> Supplied material:
====

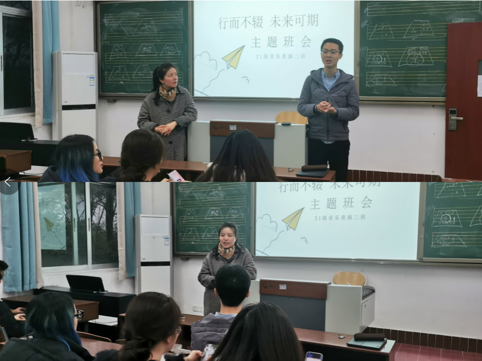 为帮助同学们增强职业生涯规划意识,提高就业能力,为未来的实习和就业打好基础,12月11日,bevictor1946韦德官网2021级音乐表演2班在16教228教室开展“行而不辍,未来可期”主题班会。本次班会由班长林硕辰主持,班主任舒怡老师、辅导员黄垭飞老师及全体同学参加。
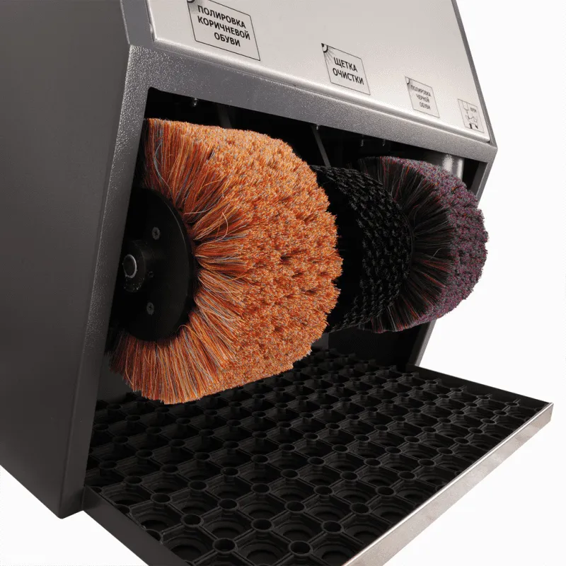 Устройство комплектуется двумя широкими щётками полировки – для светлой и темной обуви и жесткой щёткой для предварительной очистки.
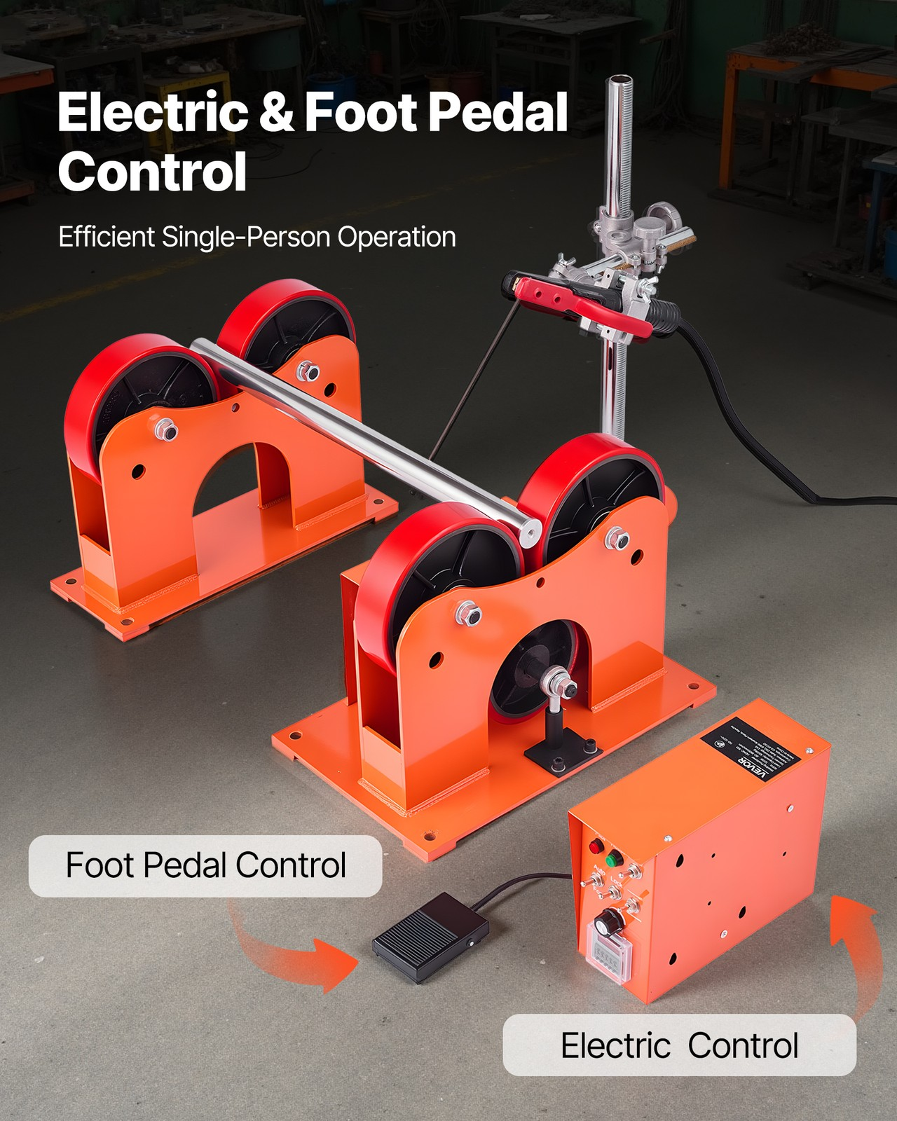 Die Schweißdrehwalze verfügt über ein Fußpedal für eine mühelose und bequeme Steuerung.
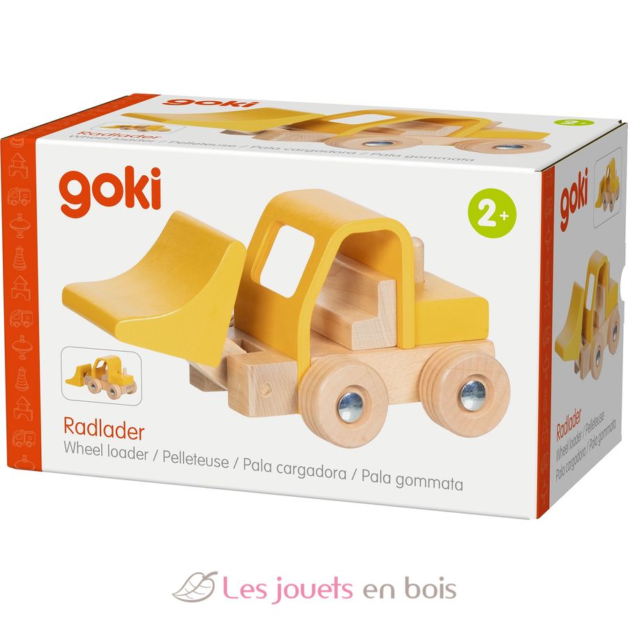 Wheel loader yellow, wooden vehicles made by Goki.
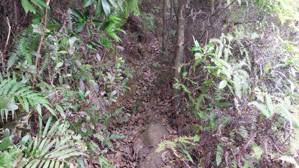 行來不易。攀上太墩及雷打石山較陡峭崎嶇,登岩頭山則行草叢茂密的林中荒徑。最難的路段,是落雷打石山,近乎垂直而下,太斜了,沿徑攀爬向下,有些危險。

====

> What is required: Please set down each line of the listing above word for word, skipping any pictures.

> Task response:
 为帮助同学们增强职业生涯规划意识,提高就业能力,为未来的实习和就业打好基础,12月11日,bevictor1946韦德官网2021级音乐表演2班在16教228教室开展“行而不辍,未来可期”主题班会。本次班会由班长林硕辰主持,班主任舒怡老师、辅导员黄垭飞老师及全体同学参加。
 Устройство комплектуется двумя широкими щётками полировки – для светлой и темной обуви и жесткой щёткой для предварительной очистки.
 Die Schweißdrehwalze verfügt über ein Fußpedal für eine mühelose und bequeme Steuerung.
 Wheel loader yellow, wooden vehicles made by Goki.
 行來不易。攀上太墩及雷打石山較陡峭崎嶇,登岩頭山則行草叢茂密的林中荒徑。最難的路段,是落雷打石山,近乎垂直而下,太斜了,沿徑攀爬向下,有些危險。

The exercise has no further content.